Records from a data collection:
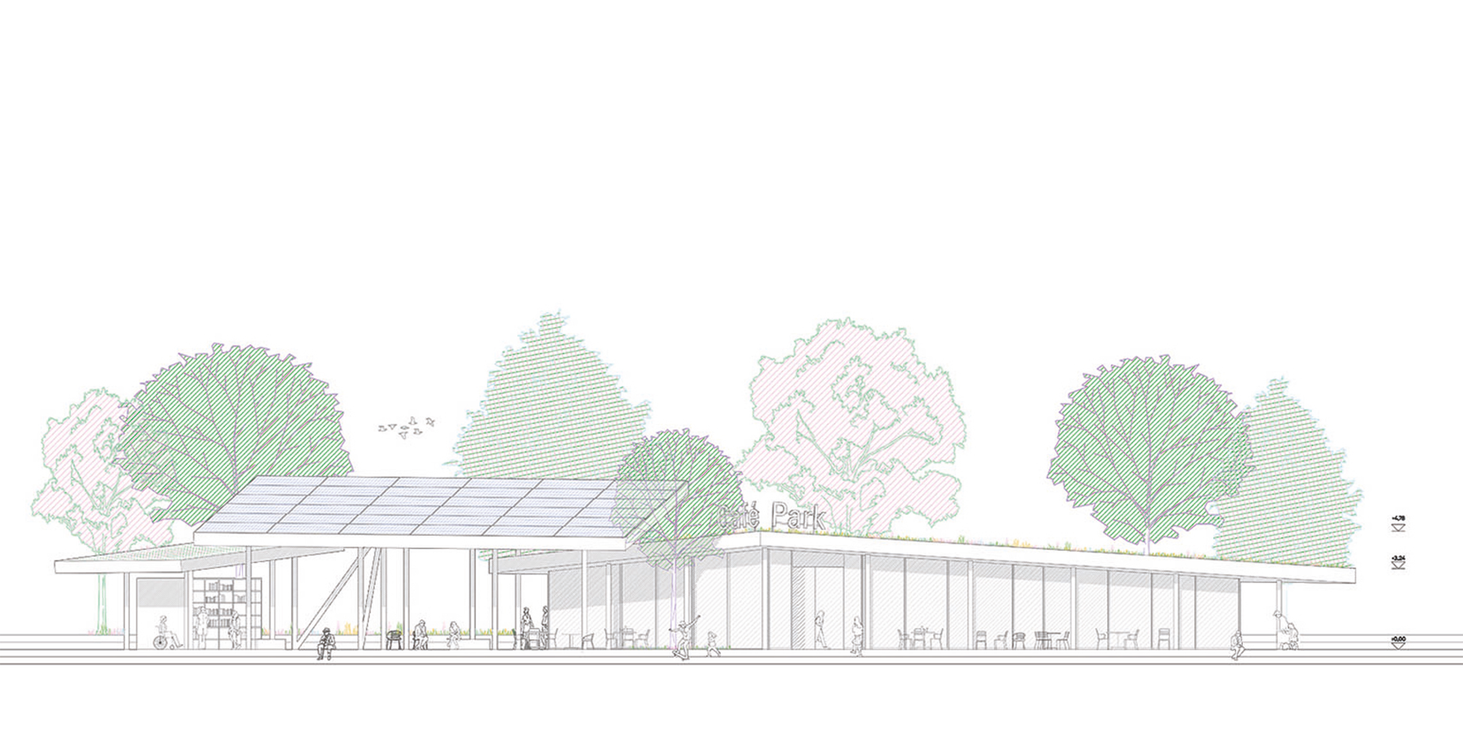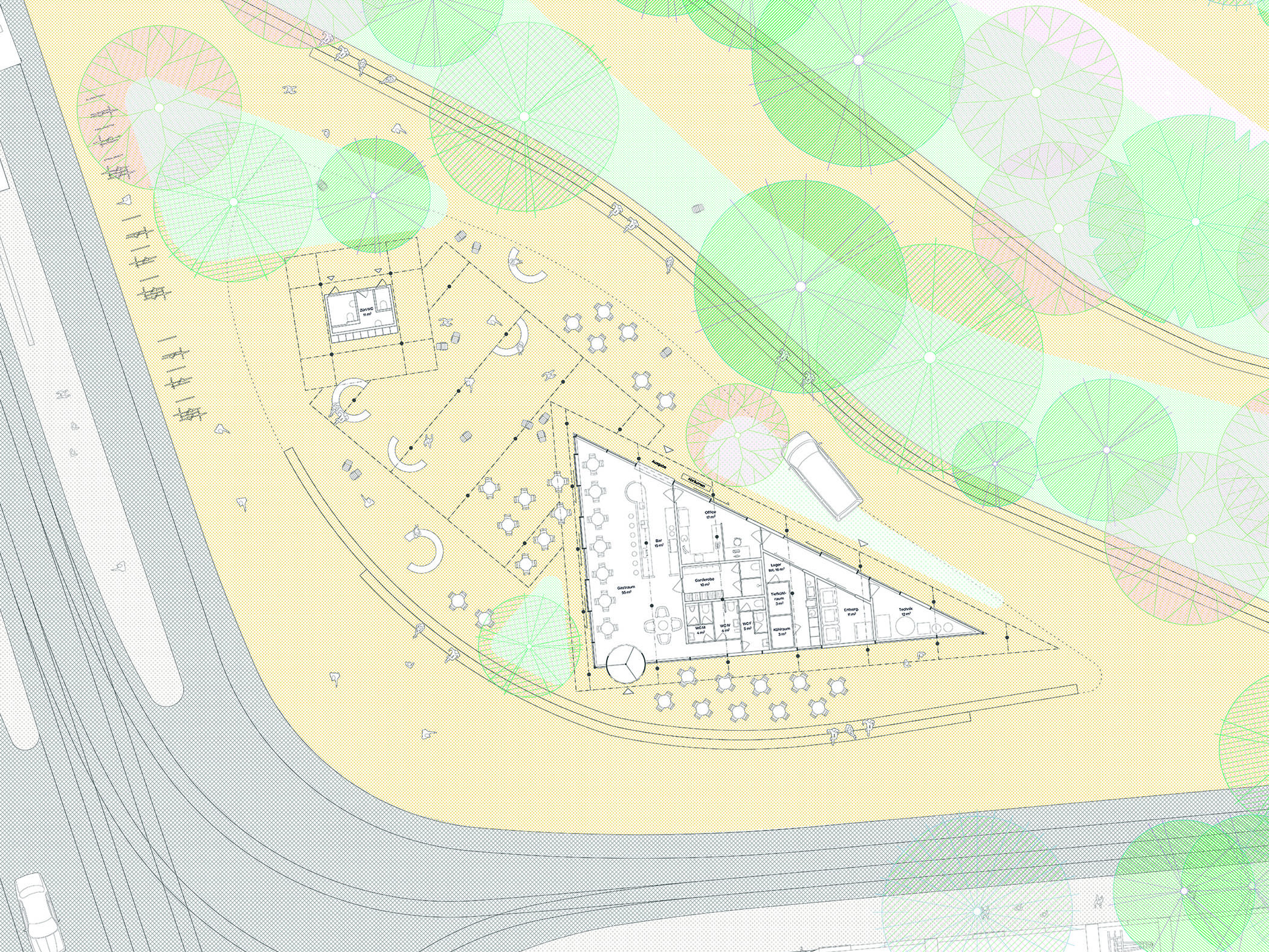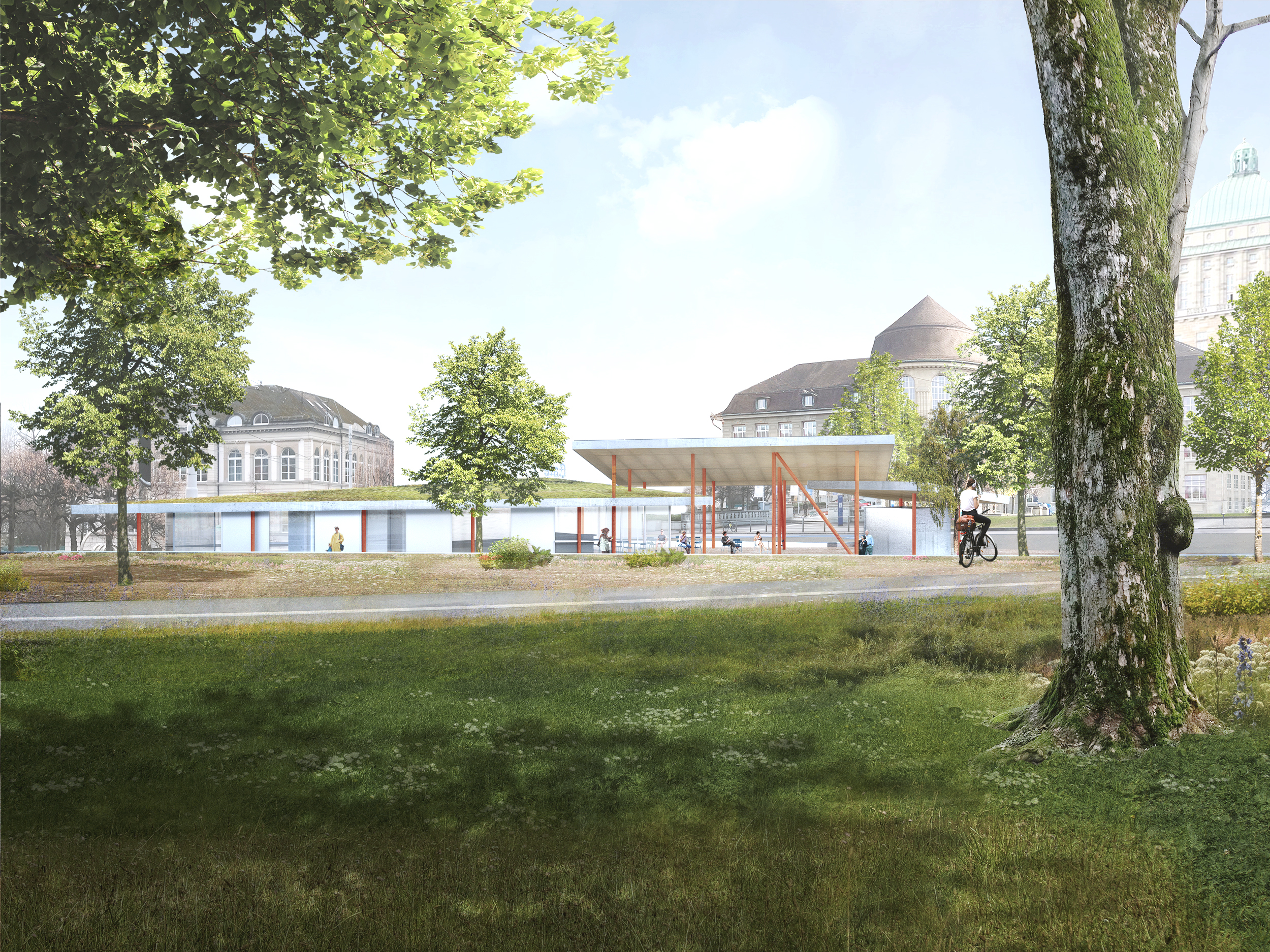 Mit dem Wettbewerb »Pavillon im Park« bietet sich die Chance ein Scharnier zwischen den unterschiedlichen Institutionen des Universitätsquartiers Zürich, und dem Gloriapark als Freiraum und Erholungsort, zu schaffen. Das Park-Café schafft einen, dem Standort gerechten, repräsentativen und einladenden, Ort mit metropolitanem Massstab. Zugleich aber behält der Neubau einen intimen Massstab, schafft Orte unterschiedlicher Qualität, die zum Verweilen einladen, und fügt sich organisch in die bestehende Parklandschaft ein. So entsteht ein lebendiger Treffpunkt zwischen Park und Stadt!
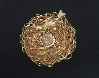 Gold Bird Nest Vintage Costume Brooch
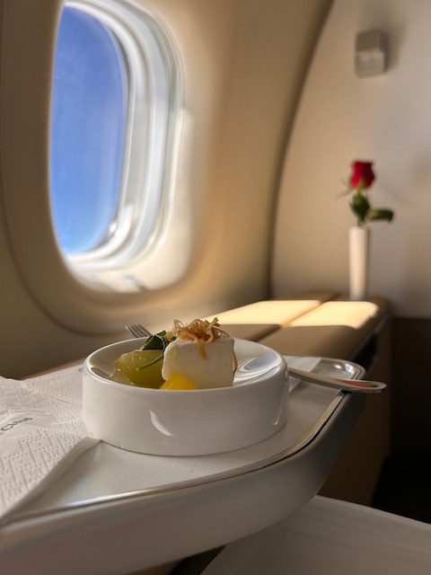 Das LH Produkt spiegelt im internationalen Vergleich leider hier und da kein First Class Niveau wieder. Der Sitz naja, der Champagner und Kaviar Service (Qatar bietet letzteres in der QSuite/BC auf selektiven Strecken an) hüpft nochmal auf das „Benchmark First Class“, vieles ist auf Business-, ja fast schon Economy Class Niveau angekommen (z.B. der Gin Bombay Sapphire oder Weissweine auf 10 Euro net Level).
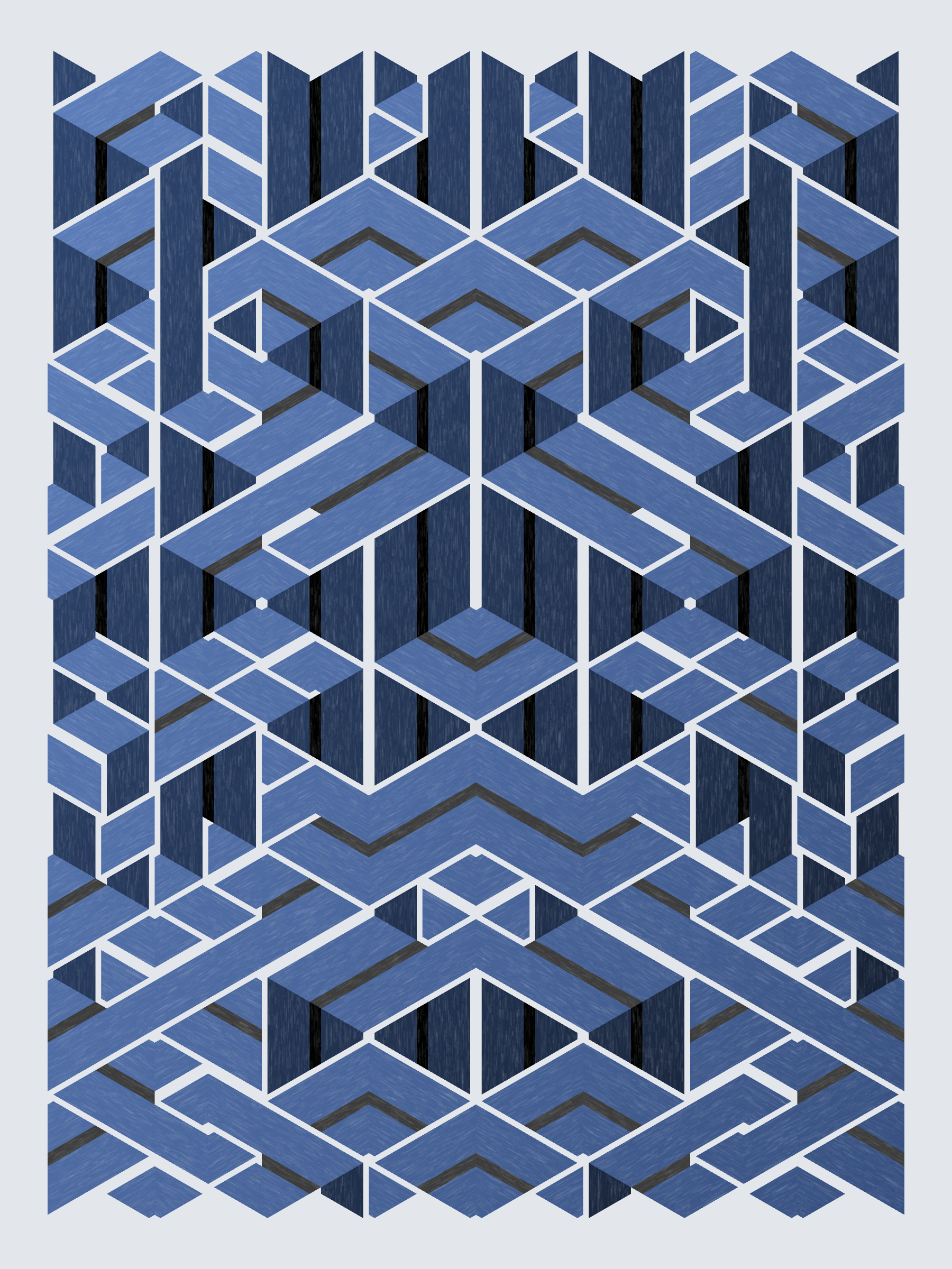Lines are bent and shaded. There are no wrong turns. [Interaction in live view: press 1-7 or left/right arrow keys to see the stages of sketch construction: 1-grid, 2-divide, 3-tile, 4-bend, 5-shade, 6-color, 7-texture]
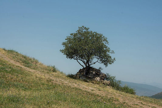 Tree On Hill White Modern Wood Framed Art Print with Double Matting by Carlier, Dick
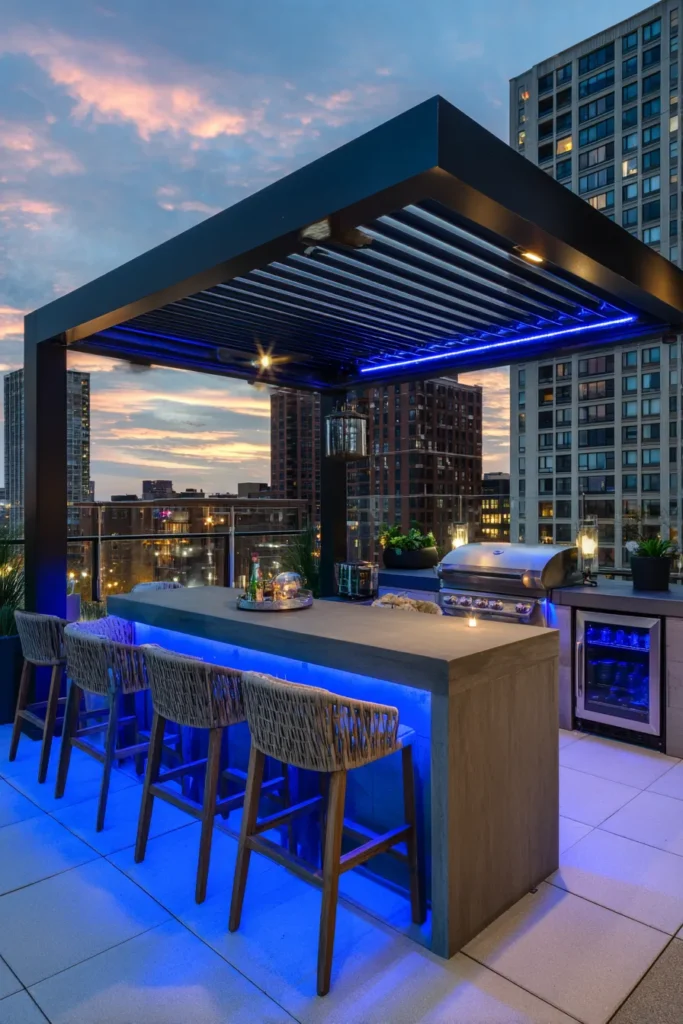 A sharp black pergola crowns a rooftop kitchen with rattan stools and a concrete bar. Blue accent lighting sets a fun after dark mood. City towers shimmer beyond the glass rail. Built in grill and fridge keep entertaining easy.
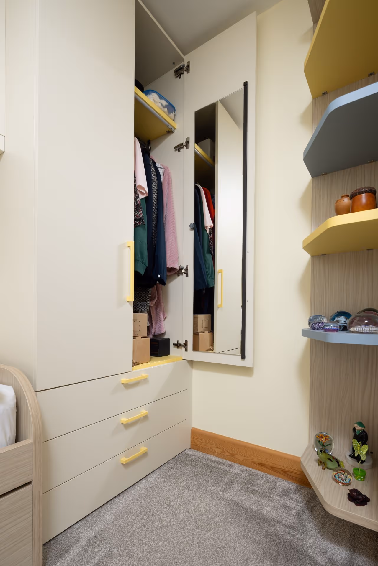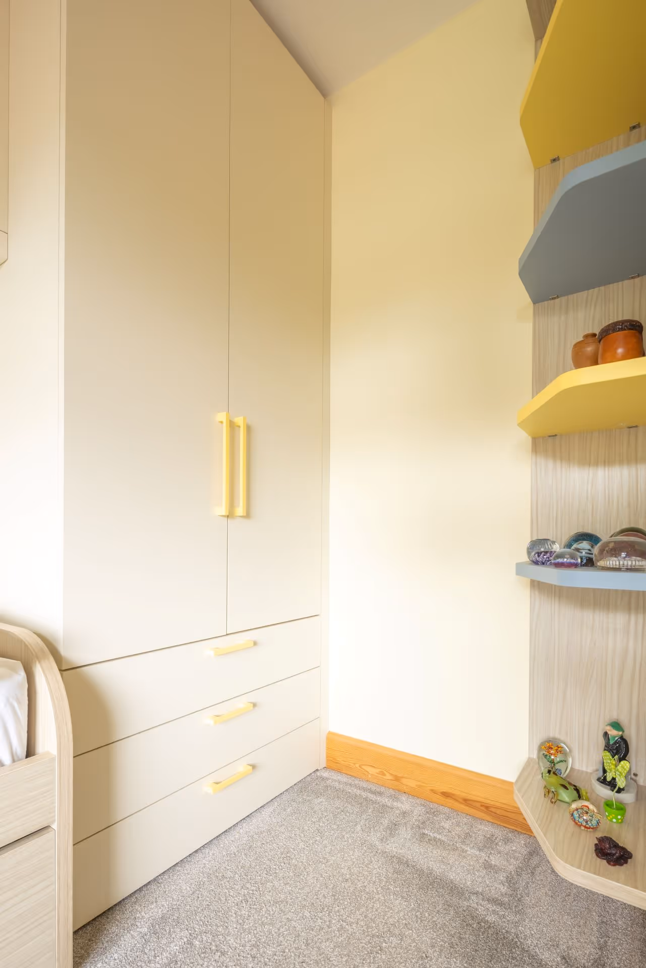 This West Yorkshire bedroom is a testament to thoughtful design that prioritises both practicality and enjoyment. It's a space that adapts to the needs of a host, providing a vibrant and welcoming environment for visiting family.
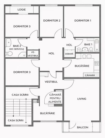 Apartamentul are 70 mp utili, este decomandat si compartimentat eficient: 3 dormitoare, sufragerie spatioasa, 2 bai, bucatarie separata si hol generos.
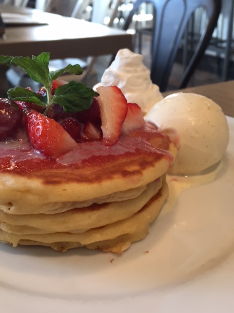 人気のストロベリーミルクパンケーキにアイスクリームをトッピングしてみました
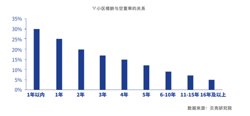 報告指出,從微觀層面看,樓齡和物業(yè)類型是影響小區(qū)空置率的兩大因素。就房屋本身的屬性來看,住房空置率隨著小區(qū)樓齡的增長逐漸變低。5年以內(nèi)樓齡的小區(qū),空置率隨樓齡的增長從30%依次遞減至12%;15年以上樓齡的小區(qū)空置率沒有明顯差異。
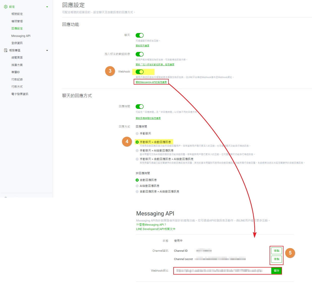 ※ 確認於『LINE官方管理平台』中已有開啟『聊天機器人』,並啟用『Webhook』
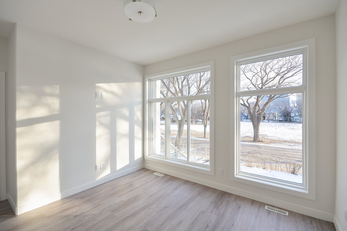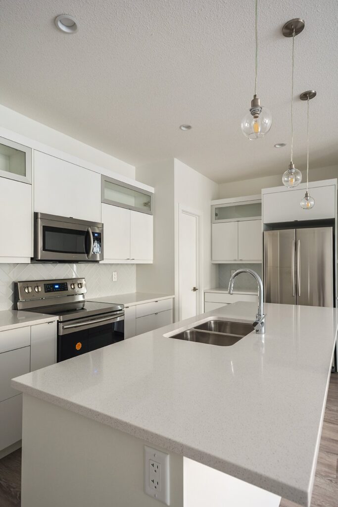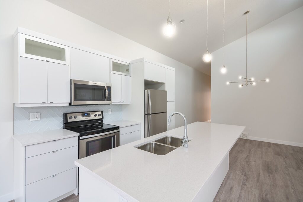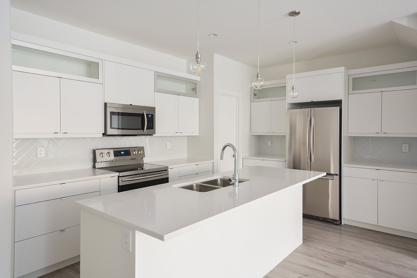 This custom home features a bright and open concept living area, kitchen, and high ceilings.

YOUR TASK: Pictures are to be dropped; the lines from the start of the entries above through the line with "Gold Bird Nest Vintage Costume Brooch" are to be given again verbatim.

COMPLETED TASK:
 Mit dem Wettbewerb »Pavillon im Park« bietet sich die Chance ein Scharnier zwischen den unterschiedlichen Institutionen des Universitätsquartiers Zürich, und dem Gloriapark als Freiraum und Erholungsort, zu schaffen. Das Park-Café schafft einen, dem Standort gerechten, repräsentativen und einladenden, Ort mit metropolitanem Massstab. Zugleich aber behält der Neubau einen intimen Massstab, schafft Orte unterschiedlicher Qualität, die zum Verweilen einladen, und fügt sich organisch in die bestehende Parklandschaft ein. So entsteht ein lebendiger Treffpunkt zwischen Park und Stadt!
 Gold Bird Nest Vintage Costume Brooch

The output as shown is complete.